Vehicle Radar Kinetic Estimation With Spatial and Kalman Filtering
Find Innovative SolutionsGenerate Solutions
Solution Overview
Problem
Existing methods for determining kinetic information related to a vehicle using a single radar device face challenges in accuracy, particularly in distinguishing between stationary and moving objects, leading to errors in estimating longitudinal speed and yaw rate.
Innovation Solution
A method involving spatial filtering to select candidate kinetic information from stationary objects, combined with a kinetic model for predicting and correcting estimated kinetic information using a weighted mean and Kalman filter, to enhance accuracy and reliability.

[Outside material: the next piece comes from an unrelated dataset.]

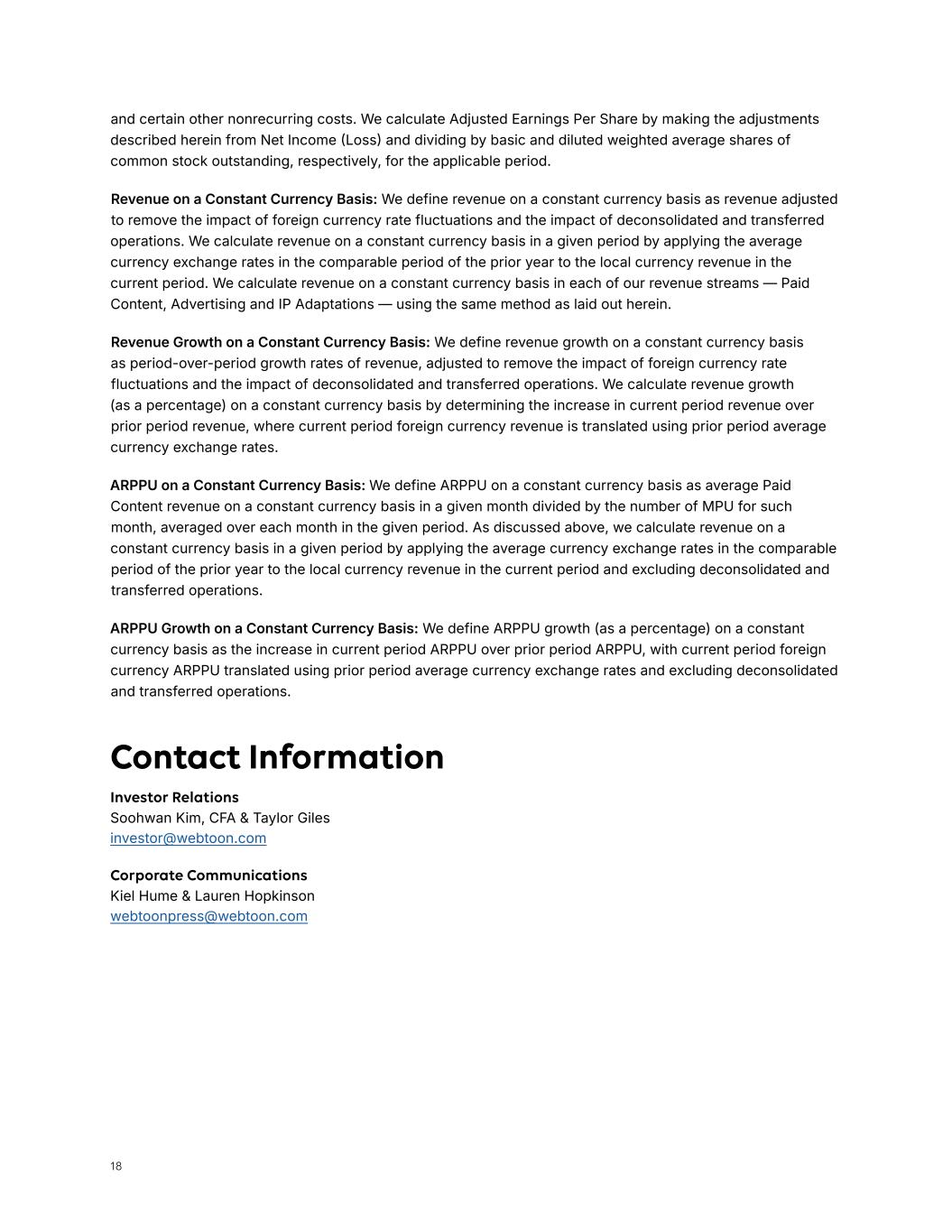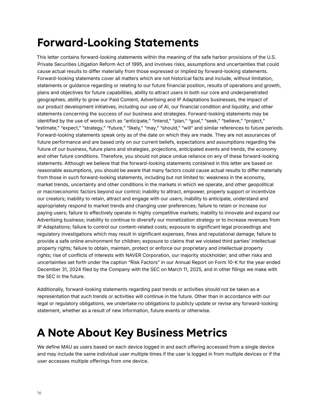Although we believe that the forward-looking statements contained in this release are based on reasonable assumptions, you should be aware that many factors could cause actual results to differ materially from those in such forward-looking statements, including, but not limited to: weakness in the economy, market trends, uncertainty and other conditions in the markets in which we operate, and other geopolitical or macroeconomic factors beyond our control; inability to attract, empower, properly support or incentivize our creators; inability to retain, attract and engage with our users; inability to anticipate, understand and appropriately respond to market trends and changing user preferences; failure to retain or increase our paying users; failure to effectively operate in highly competitive markets; inability to innovate and expand our Advertising business; inability to continue to diversify our monetization strategy or to increase revenues from IP Adaptations; failure to control our content-related costs; exposure to significant legal proceedings and regulatory investigations which may result in significant expenses, fines and reputational damage; failure to provide a safe online environment for children; exposure to claims that we violated third parties’ intellectual property rights; failure to obtain, maintain, protect or enforce our proprietary and intellectual property rights; rise of conflicts of interests with NAVER Corporation, our majority stockholder; and other risks and uncertainties set forth under the caption “Risk Factors” in our Annual Report on Form 10-K for the year ended December 31, 2024 filed by the Company with the SEC on March 11, 2025, and in other filings we make with the SEC in the future.

Engineering Contradictions & Design Principles
Engineering Contradiction Analysis
1Device complexity
If a single radar device is used to estimate kinetic information, then the device complexity is reduced, but the measurement precision of longitudinal speed and yaw rate deteriorates due to difficulty in distinguishing stationary and moving objects
Solution Approach 1:
The patent segments the kinetic information estimation process into multiple independent stages: candidate kinetic information generation from radar data, spatial filtering to select valid candidates, temporal filtering to resolve conflicts between candidates, and kinetic model-based correction. This segmentation allows each stage to focus on a specific aspect of the problem, improving overall measurement precision without adding hardware complexity.
Solution Approach 2:
The patent introduces an intermediary kinetic model that acts as a mediator between raw radar measurements and final kinetic information estimation. The kinetic model provides physically consistent predictions that bridge the gap between noisy sensor data and accurate kinetic parameters, resolving the precision issue without requiring additional radar devices.
2Measurement precision
If spatial filtering and kinetic model correction are applied, then the measurement precision of kinetic information is improved, but the computational complexity increases
Solution Approach 1:
The patent performs preliminary spatial filtering to identify and select reliable candidate kinetic information from stationary objects before temporal filtering and kinetic model correction. By pre-processing the data to eliminate obvious outliers and select high-quality candidates early in the pipeline, the computational burden of subsequent processing stages is reduced while maintaining high measurement precision.
Solution Approach 2:
The kinetic model serves itself by using its own previous predictions and the current sensor measurements to correct its estimate through the Kalman filter. This self-correcting mechanism improves precision without requiring external complex processing systems, as the model leverages its inherent structure and previous state information.
3Reliability
If candidate kinetic information from multiple objects is considered, then the reliability of estimation is improved, but the difficulty of detecting and measuring valid kinetic information increases
Solution Approach 1:
The patent extracts and isolates kinetic information from stationary objects by applying spatial filtering that specifically identifies candidates with minimal spatial displacement between time frames. This extraction process separates valid kinetic information from noise and moving object interference, improving reliability while reducing the difficulty of identifying valid candidates through clear discrimination criteria.
Solution Approach 2:
The patent implements feedback through the temporal filtering stage, where candidate kinetic information from multiple objects is continuously evaluated and corrected based on kinetic model predictions. The feedback loop compares multiple candidates against physical constraints and previous estimates, reliably identifying valid information while managing detection difficulty through iterative refinement.
Data Source
AI summary
A method of determining kinetic information may include: receiving a plurality of raw information related to a plurality of objects using a radar device provided in a vehicle; obtaining, by analyzing the plurality of raw information, a plurality of candidate kinetic information related to the vehicle; estimating, through spatial filtering, current first kinetic information related to the vehicle from the plurality of candidate kinetic information; and correcting, using a kinetic model, the estimated current first kinetic information based on current first kinetic information, wherein the current first kinetic information is predicted from previous first kinetic information related to the vehicle using a kinetic model.